18750655. ELECTRONIC DEVICE AND CONTROLLING METHOD OF ELECTRONIC DEVICE simplified abstract (SAMSUNG ELECTRONICS CO., LTD.)

From WikiPatents
Jump to navigation Jump to search

ELECTRONIC DEVICE AND CONTROLLING METHOD OF ELECTRONIC DEVICE

Organization Name

SAMSUNG ELECTRONICS CO., LTD.

Inventor(s)

Jijoong Moon of Suwon-si (KR)

Parichay Kapoor of Suwon-si (KR)

Jihoon Lee of Suwon-si (KR)

Hyeonseok Lee of Suwon-si (KR)

Myungjoo Ham of Suwon-si (KR)

ELECTRONIC DEVICE AND CONTROLLING METHOD OF ELECTRONIC DEVICE - A simplified explanation of the abstract

This abstract first appeared for US patent application 18750655 titled 'ELECTRONIC DEVICE AND CONTROLLING METHOD OF ELECTRONIC DEVICE

The abstract describes an electronic apparatus that stores data related to a neural network model and divides the learning step into multiple steps, including forward propagation, gradient calculation, and derivative calculation. It determines the execution order of these steps, integrates information about sensor usage and tensor sharing, allocates data to tensors in memory, and trains the neural network model accordingly.

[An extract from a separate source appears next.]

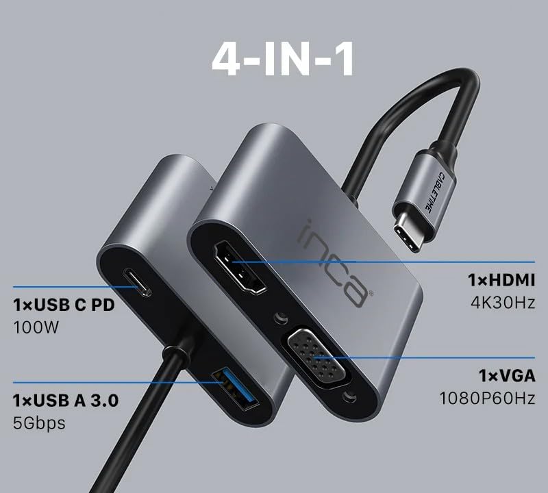 ITPC-06TXT 4'ü 1 Arada Type-C Hub Adaptör, HDMI 4K@30Hz, VGA 1080P@60Hz, USB 3.0, 100W PD Güç Dağıtımı, Alüminyum Kasa

  • Memory stores data related to a neural network model
  • Processor divides learning step into forward propagation, gradient calculation, and derivative calculation
  • Determines execution order of steps based on sensor usage
  • Integrates information on tensor sharing in neighboring layers
  • Allocates data to tensors in memory efficiently
  • Trains neural network model based on integrated execution order

Potential Applications: - Artificial intelligence - Machine learning - Data analysis - Pattern recognition - Robotics

Problems Solved: - Efficient memory allocation for neural network training - Optimized execution order for learning steps - Enhanced performance of neural network models

Benefits: - Faster training of neural network models - Improved accuracy in data analysis - Reduced memory usage for storing data - Enhanced performance in various applications

Commercial Applications: Title: "Optimized Neural Network Training Apparatus for AI Applications" This technology can be used in industries such as: - Healthcare for medical image analysis - Finance for fraud detection - Automotive for autonomous driving systems - Retail for customer behavior analysis - Manufacturing for quality control processes

Prior Art: Prior art related to this technology can be found in research papers, patents, and academic publications on neural network training methods, memory optimization techniques, and artificial intelligence algorithms.

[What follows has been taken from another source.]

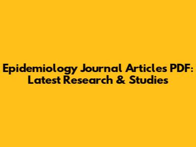 Epidemiology Articles PDF: Latest Research & Studies

Frequently Updated Research: Researchers are constantly exploring new methods to optimize neural network training, improve memory allocation efficiency, and enhance the performance of AI systems in various applications.

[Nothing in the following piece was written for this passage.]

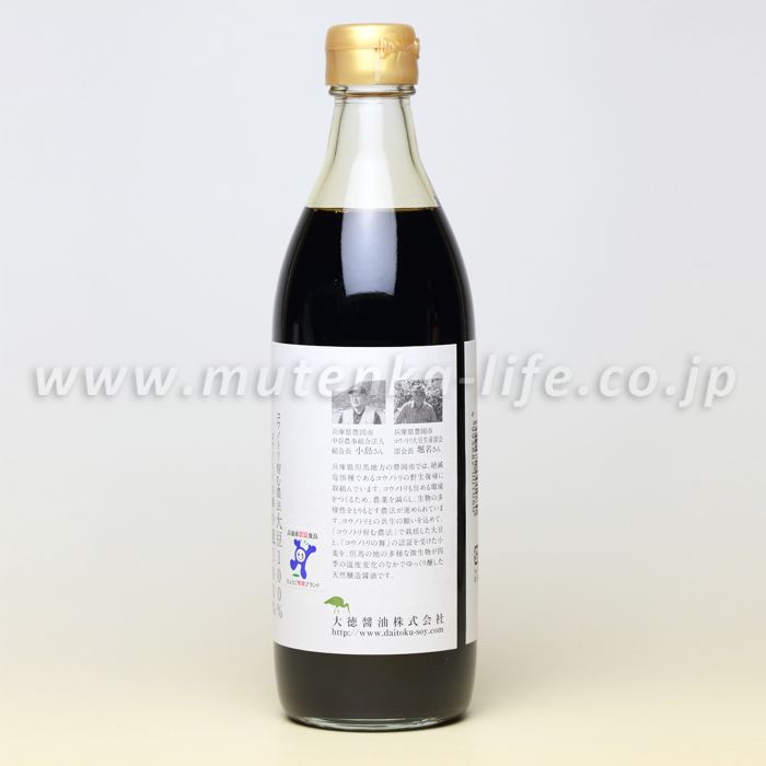 杉蔵に住み着いた多様な発酵微生物がその生命活動の産物としてしょうゆを醸していく様は、多くの生き物が暮らす田畑が、安全な農作物を育てていく姿に似ています。農家の努力に応える醸造を続けていきたいと思います。 【使用原料の詳細】 兵庫県豊岡市産の減農薬大豆・減農薬小麦、崎戸島の平釜塩「海はいのち にっぽんの海塩」を使用しています。

Questions about Neural Network Training Optimization: 1. How does this technology improve the efficiency of memory allocation in neural network training? 2. What are the key factors considered in determining the execution order of learning steps in a neural network model?


Original Abstract Submitted

An electronic apparatus may include a memory configured to store data related to a neural network model and at least one processor configured to divide a learning step performed through a plurality of layers of the neural network model into a plurality of steps including a forward propagation step, a gradient calculation step, and a derivative calculation step, and determine an execution order of the plurality of steps, obtain first information regarding in which step of a plurality of steps according to the determined execution order a plurality of sensors used in the plurality of layers are used, based on the determined execution order, integrate the determined execution order based on the first information and second information regarding whether tensors used in neighboring layers from among the plurality of layers are able to be shared, allocate the data to the plurality of tensors by minimizing a region of the memory for allocating data corresponding to the plurality of tensors, based on the integrated execution order, and train the neural network model according to the integrated execution order using the plurality of tensors and the data allocated to the plurality of tensors. Various other embodiments are possible to be implemented.